Martine Aussibel, IEN-ASH des Hauts-de-Seine
« Sur le département, nous avions renforcé les équipes de conseillers pédagogiques de soutien à la scolarisation des élèves handicapés, mais nous avions cependant identifié à la fois un besoin croissant et le fait que les réponses pédagogiques apportées étaient insuffisantes pour les enfants avec troubles du comportement, porteurs ou non de TSA. Lorsque l’association des Papillons Blancs de Saint-Cloud nous a présenté leur projet à la rentrée de 2018, cela a tout de suite fait écho à nos besoins. Nous nous sommes mis au travail ensemble et avons défini les modalités de saisine par les écoles de l’équipe mobile. Dès les premières interventions nous avons eu des retours extrêmement positifs des équipes qui ont dit : “Enfin on nous donne des clés, on a les réponses que l’on attend”. C’est une aide précieuse. L’école inclusive est une réalité qu’il faut faire vivre, mais l’Éducation nationale ne peut pas le faire seule, elle a besoin des partenaires du médico-social. »
En chiffres
- Les Papillons Blancs de la Colline : 25 établissements et services, 500 salariés, 700 personnes accueillies.

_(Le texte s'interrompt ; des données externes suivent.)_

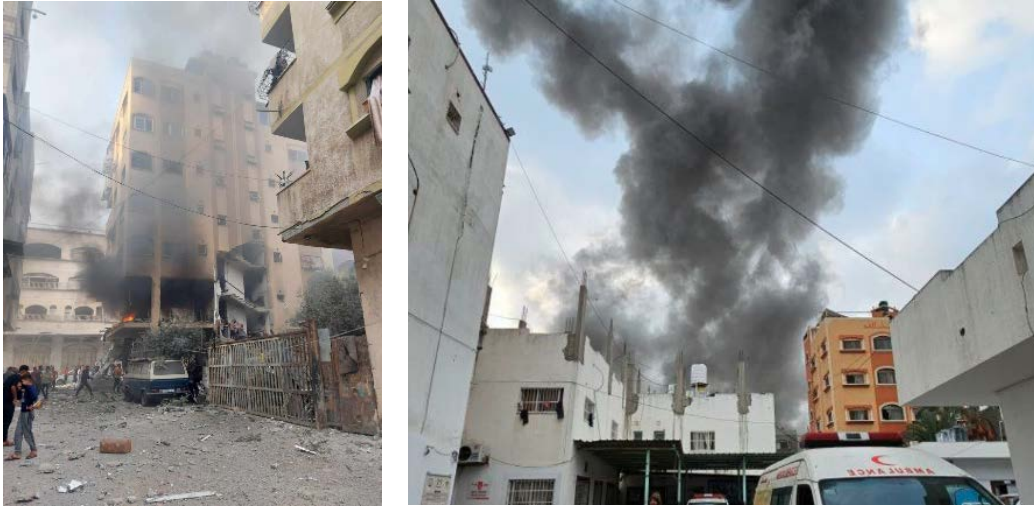
Right: Attack on a house near the Kamal Adwan hospital in Beit Lahia. Left: Attack on the Riyan Building in the Jabaliya refugee camp

► Ground activity: IDF forces, accompanied by tanks and engineering vehicles, operated in the Kissufim area on the Gaza Strip border. Their objectives were to carry out counterterrorism activities, clear the area of terrorists in preparation for a ground maneuver and attempt to collect additional information about the missing and abducted. During one activity Palestinian terrorists fired an anti-tank missile at an IDF tank and engineering vehicle, killing an IDF soldier and wounding three (IDF spokesman, October 22, 2023). On the night of October 22, 2023, infantry forces attacked several targets, among them terrorist and anti-tank squads (IDF spokesman, October 23, 2023).

- Équipe mobile : 1 directrice, 1 cheffe de service, 2 éducateurs spécialisés, 1 psychologue.
- File active au 31 mars 2020 : 70 enfants, de la maternelle au collège. 16 enfants peuvent être accompagnés en même temps (8 par éducateur).
- Temps moyen d’accompagnement : 25 heures sur deux mois.
- Budget : 180 000 euros par an, financé par l’ARS.